Using the security key establishment mechanism based on polynomial coefficients proposed in this paper, in a time slot (i.e., a key update period), the information about the key update that needs to be transmitted in the communication channel includes: a key update polynomial coefficients, the list of attacked components, and the list of random numbers. The number of the key update polynomial coefficients is related to the number of normal components m in the cluster. In general, the number of key update polynomial coefficient is $m+2$. The list of attacked components lists all the ID of attacked components, and the communication cost about it is related to the number of attacked components p. The random number list contains some random numbers used to construct the key update polynomial; the number of the random number x is related to the number of normal components m and the number of attacked components p in the cluster.

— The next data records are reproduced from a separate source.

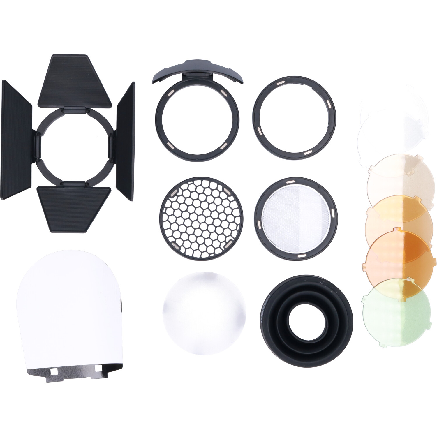 De Godox Accessoires Kit AK-R1 voor H200R Head is een accessoires kit voor de H200R. De kit bestaat uit diverse onderdelen om het lichteffect aan te passen. De kit bestaat uit een diffusion ball, diverse kleuren filters, een honey comb en een snoot. Via de magnetische aansluiting op de H200R zijn de accessoires eenvoudig te bevestigen door ze er als het ware op te klikken.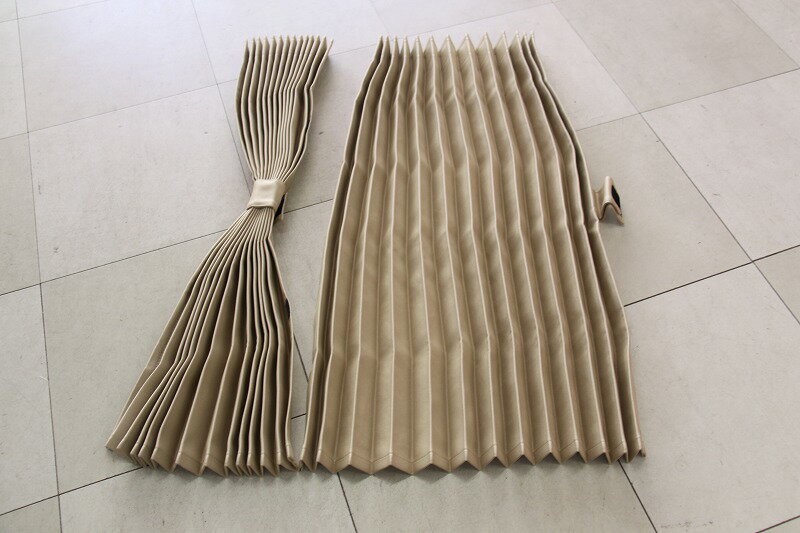 トラックカーテン リアカーテン プリーツ ベージュ 1級遮光 巾85cmx丈70cm 2枚入り フック16ケ入り ベット後ろ用カーテン 安心の日本製 トラック用品 トラック用カーテン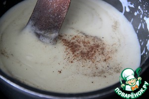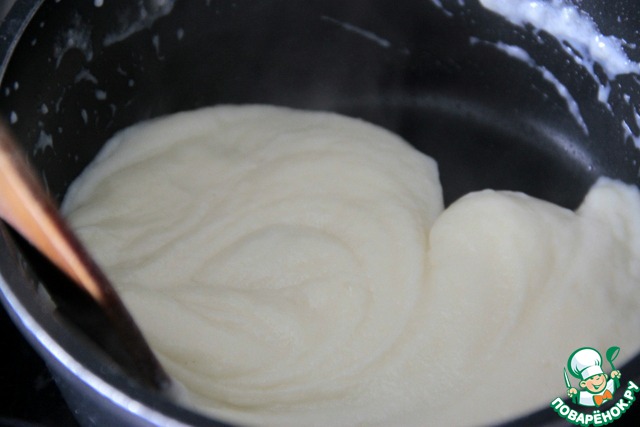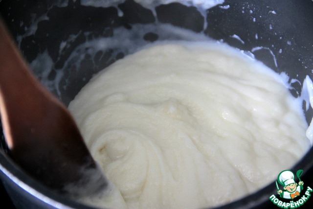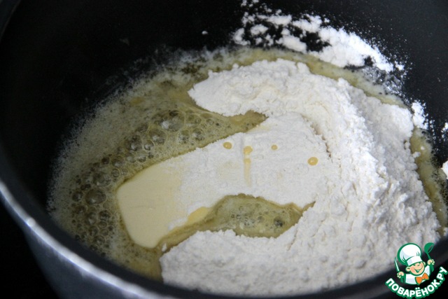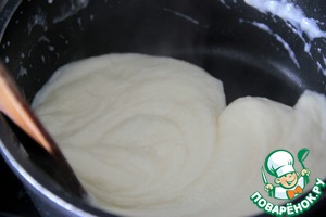 и непрерывно вмешивать её в масляно-мучную смесь.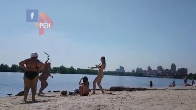 Видео: женщина с палкой атаковала девушек на пляже в Киеве

Therefore, when the number of normal communication components is greater than or equal to the number of attacked components in the cluster, that is, $m>=p$, the communication cost is $C=m+2+p+x=2(m+2)$. When the number of normal communication components is less than the number of attacked components in the cluster, that is, $m<p$, the communication cost is $C=2(p+2)$. In general, there are several to a dozen components that need to communicate with each other, thus there are not many components communicating with each other within one cluster. Figure 3 shows the relationship between communication cost and the number of components being attacked when the total number of components in the cluster is 10, 15, and 20. Figure 3 shows that the communication cost is the lowest when the number of normal components and the number of attacked components in the cluster are equal. When there are more normal components in the cluster are attacked components, the communication cost is negatively correlated with the number of attacked components. When there are fewer components not being attacked than components being attacked, the communication cost is positively correlated with the number of components being attacked.

5. Conclusions

This paper focuses on the generation and distribution of communication keys between components in robots. A security key establishment mechanism based on high-order polynomial is proposed, and key generation is performed in a cloud-based key center. Prior to the key update, a key update instruction, which includes the coefficients of a group polynomials and the attacked components list, are broadcast to the components in a cluster. The coefficients ensure that the components which are in the secure state can correctly calculate the key, while the components which are being attacked cannot obtain the key. The key establishment mechanism proposed in this paper guarantees the security of the key. At the same time, the communication components only need to do simple calculation to get the key and the storage cost is small, which is more suitable for the situation where the resources are limited in some of the robots. Compared with the Lish and Lish+ algorithms, our mechanism allows robot components to dynamically join and leave the network, which is more suitable for multi-robot systems.